I've got the same problem and I haven't found a good solution. Here's what I found:

The problem is that after resume, the system and hardware clock times on the guest are different:

root@guest:~# date; hwclock
Sat Oct 11 13:09:38 UTC 2014
Sat Oct 11 13:10:42 2014  -0.454380 seconds

On the host, they agree:

root@four:~# date; hwclock
Sat Oct 11 13:11:35 UTC 2014
Sat Oct 11 13:11:36 2014  -1.000372 seconds

The solution would be to run hwclock --hctosys on the guest after it's been resumed. However, I haven't found a way to do this with changes on the guest system only, as the guest doesn't notice that it is suspended and resumed.

QEmu Guest Agent

There is the possibility to run a software called QEmu Guest Agent on the guest and notify from the host to update the guest system clock from the guest hardware clock. However, the page mentions that the guest agent makes the host and guest vulnerable to attacks from each other because of issues with a JSON parser (at least I believe that the affected code is also run on the host, I'm not sure about that). Anyway, here's how to set that up:

  1. Set up a virtio serial channel for the agent as mentioned in the libvirt wiki (see also libvirt domain format documentation).
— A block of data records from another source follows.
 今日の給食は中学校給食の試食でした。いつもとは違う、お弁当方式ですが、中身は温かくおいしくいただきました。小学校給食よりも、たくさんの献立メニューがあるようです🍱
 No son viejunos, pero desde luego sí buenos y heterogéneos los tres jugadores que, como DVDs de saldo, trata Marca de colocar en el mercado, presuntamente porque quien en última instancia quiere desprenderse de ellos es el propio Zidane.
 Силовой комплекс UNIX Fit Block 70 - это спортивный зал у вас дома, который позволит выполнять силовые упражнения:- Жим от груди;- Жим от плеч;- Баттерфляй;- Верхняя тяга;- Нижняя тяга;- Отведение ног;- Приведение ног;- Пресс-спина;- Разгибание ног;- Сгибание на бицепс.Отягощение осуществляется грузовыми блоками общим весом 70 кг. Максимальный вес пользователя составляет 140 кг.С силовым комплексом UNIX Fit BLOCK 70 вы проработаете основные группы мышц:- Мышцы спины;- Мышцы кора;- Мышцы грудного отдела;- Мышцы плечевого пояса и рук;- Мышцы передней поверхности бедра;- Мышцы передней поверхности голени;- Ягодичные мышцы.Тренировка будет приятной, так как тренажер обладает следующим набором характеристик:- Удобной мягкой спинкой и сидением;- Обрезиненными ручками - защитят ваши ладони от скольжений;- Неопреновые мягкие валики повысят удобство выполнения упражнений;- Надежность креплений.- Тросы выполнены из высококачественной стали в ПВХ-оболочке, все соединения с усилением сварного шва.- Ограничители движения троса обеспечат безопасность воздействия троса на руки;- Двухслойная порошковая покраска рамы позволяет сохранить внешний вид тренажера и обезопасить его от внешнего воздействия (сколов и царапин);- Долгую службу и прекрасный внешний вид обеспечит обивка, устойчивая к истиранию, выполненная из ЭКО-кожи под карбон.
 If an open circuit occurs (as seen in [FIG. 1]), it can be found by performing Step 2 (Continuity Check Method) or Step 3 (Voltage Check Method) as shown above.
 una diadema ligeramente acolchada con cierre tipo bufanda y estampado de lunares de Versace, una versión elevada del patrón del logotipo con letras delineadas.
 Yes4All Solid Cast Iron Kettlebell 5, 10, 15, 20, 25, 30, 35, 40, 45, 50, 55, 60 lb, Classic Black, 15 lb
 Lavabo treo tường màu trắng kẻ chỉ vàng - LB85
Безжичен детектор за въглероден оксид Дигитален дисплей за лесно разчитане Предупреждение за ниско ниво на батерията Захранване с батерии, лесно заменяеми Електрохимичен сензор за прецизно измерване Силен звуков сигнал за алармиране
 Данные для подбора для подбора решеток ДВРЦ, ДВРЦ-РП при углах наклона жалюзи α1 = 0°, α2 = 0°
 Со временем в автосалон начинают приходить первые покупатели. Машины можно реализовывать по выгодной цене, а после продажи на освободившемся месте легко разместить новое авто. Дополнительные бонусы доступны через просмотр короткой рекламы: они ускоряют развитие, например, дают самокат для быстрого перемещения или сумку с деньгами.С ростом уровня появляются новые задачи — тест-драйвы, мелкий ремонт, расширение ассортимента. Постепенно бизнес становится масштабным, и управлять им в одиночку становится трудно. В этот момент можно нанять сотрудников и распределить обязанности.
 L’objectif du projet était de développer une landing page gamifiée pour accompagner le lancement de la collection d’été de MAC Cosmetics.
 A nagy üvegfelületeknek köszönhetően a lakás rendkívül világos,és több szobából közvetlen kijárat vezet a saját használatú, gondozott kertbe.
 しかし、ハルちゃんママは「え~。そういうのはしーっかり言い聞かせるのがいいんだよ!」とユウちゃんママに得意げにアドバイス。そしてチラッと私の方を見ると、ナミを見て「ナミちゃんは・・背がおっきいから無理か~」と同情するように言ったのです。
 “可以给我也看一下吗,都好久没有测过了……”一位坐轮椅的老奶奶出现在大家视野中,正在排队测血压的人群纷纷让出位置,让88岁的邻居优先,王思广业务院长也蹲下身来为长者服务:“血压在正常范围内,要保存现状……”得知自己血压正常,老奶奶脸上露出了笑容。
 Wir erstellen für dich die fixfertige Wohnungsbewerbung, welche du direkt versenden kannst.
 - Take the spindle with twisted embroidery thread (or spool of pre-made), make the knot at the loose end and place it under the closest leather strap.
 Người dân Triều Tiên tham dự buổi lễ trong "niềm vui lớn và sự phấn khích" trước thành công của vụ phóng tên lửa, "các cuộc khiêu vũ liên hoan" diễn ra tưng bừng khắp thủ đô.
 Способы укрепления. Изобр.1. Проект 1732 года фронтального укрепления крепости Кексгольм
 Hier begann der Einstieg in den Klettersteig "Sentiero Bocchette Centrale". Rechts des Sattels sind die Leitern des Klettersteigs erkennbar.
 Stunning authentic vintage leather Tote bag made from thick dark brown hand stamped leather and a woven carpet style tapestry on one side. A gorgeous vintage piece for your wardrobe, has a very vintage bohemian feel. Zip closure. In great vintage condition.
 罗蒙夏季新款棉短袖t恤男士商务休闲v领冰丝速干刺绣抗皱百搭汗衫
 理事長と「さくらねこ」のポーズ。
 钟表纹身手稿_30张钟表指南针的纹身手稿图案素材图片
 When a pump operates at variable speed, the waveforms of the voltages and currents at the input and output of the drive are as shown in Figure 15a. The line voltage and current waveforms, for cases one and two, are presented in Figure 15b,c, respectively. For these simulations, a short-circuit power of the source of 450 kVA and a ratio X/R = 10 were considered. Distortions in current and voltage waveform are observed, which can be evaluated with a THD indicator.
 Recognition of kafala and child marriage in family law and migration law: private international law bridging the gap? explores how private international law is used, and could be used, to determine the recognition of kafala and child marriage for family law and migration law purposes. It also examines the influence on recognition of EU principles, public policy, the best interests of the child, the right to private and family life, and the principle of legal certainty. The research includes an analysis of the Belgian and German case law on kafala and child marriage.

  2. After the serial channel is available, install and start the QEmu Guest Agent on the guest. (Debian: apt-get install --no-install-recommends qemu-guest-agent.)

  3. Trigger the clock offset by suspending, waiting and resuming. Then run the following command on the host to correct it: virsh qemu-agent-command backup '{"execute":"guest-set-time"}' The wiki page that using virsh qemu-agent-command is unsupported, but I haven't found any other command that does the job.

I found two discussions on automating within libvirt the call to guest-set-time on resume from suspend:

However, nothing has been implemented yet as far as I could see.

I found information on how to submit commands to the guest agent on wiki of stoney-cloud.org.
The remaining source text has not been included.